Estimating the depth and volume of surface runoff in the Wadi Al-Hussam Basin using the (SCS_CN) method (Soil Conservation Service)
DOI:
https://doi.org/10.32792/tqartj.v9i47.668Keywords:
• Keywords: Wadi Al-Hussam basin, estimation of depth and volume of surface runoff, SCS-CN equationAbstract
- The valley Hassam basin is one of the important valleys of the southern plateau in Iraq, which is located within the range of the lower valleys that end in the alluvial plain and flow into the Euphrates River. The crop receives annual rainfall and provides many groundwater reservoirs, which makes the economic value we invest in agricultural activity.
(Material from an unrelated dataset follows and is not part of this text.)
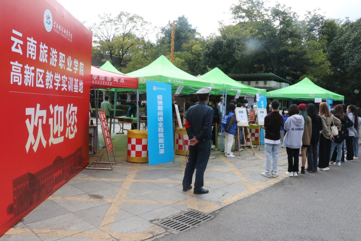 当天下午3点10分,疫情防控应急演练活动分别在龙泉路校区、高新教学实训基地、龙头街教学实训基地三个校区同时有序展开。在高新教学实训基地演练现场,随着副校长杨红英宣布演练正式开始,学生们排队依次进入校园,前后间隔一米,全程佩戴口罩,经行李消毒,扫场所码、出示48小时内阴性核酸检测证明,体温检测无异常后进入校园。如遇体温异常的学生将带至临时处置点,进一步核实有关信息,如复测体温异常学生,并经询问有涉疫风险,迅速启动应急处置程序,同时上报有关部门,严格迅速按照处置流程将发热学生转移至定点隔离,消毒组对现场环境彻底消杀。

Estimating the volume of surface runoff for this basin is very important for estimating the amount of surface water that can feed the basin, through the estimated surface runoff that later penetrates into the groundwater aquifers to feed the underground reservoirs, which are represented by the Euphrates, Dammam, and Lead formations. The mission of the study is to determine the depth of surface runoff for the Wadi Al-Hussam basin using the (SCS-CN) equation related to soil maintenance, as well as the volume of surface runoff for the basin. The valley Al-Hussam Basin is located in the southern Iraqi plateau within the Muthanna Governorate. The basin originates from the highlands of the southern plateau within the lower valleys’ region. It flows from the southwest to the northeast, as its sources end in the Sulaibat Depression. The length of the basin is (30 km). The basin consists of limestone rocks dating back to the Miocene period, dating back to the formation of the Euphrates and Dammam. The basin occupies a small area of (158 km2) and is characterized by the presence of signs of exploiting its soil for agricultural production, as groundwater is available at depths ranging between 70-180 meters. It is also characterized by the presence of mixed soil suitable for agricultural production. The highest height in the basin was (120 meters) at the sources, while the lowest height was (20 meters) at the mouth. The depth of surface runoff in the case of wet soil reached (0.203), while the volume of surface runoff in plants reached ((0.032) million m3). In the case of High humidity and the volume of surface runoff in the basin was 15.65 mm), while the volume of surface runoff in the basin was (2.370 million m3).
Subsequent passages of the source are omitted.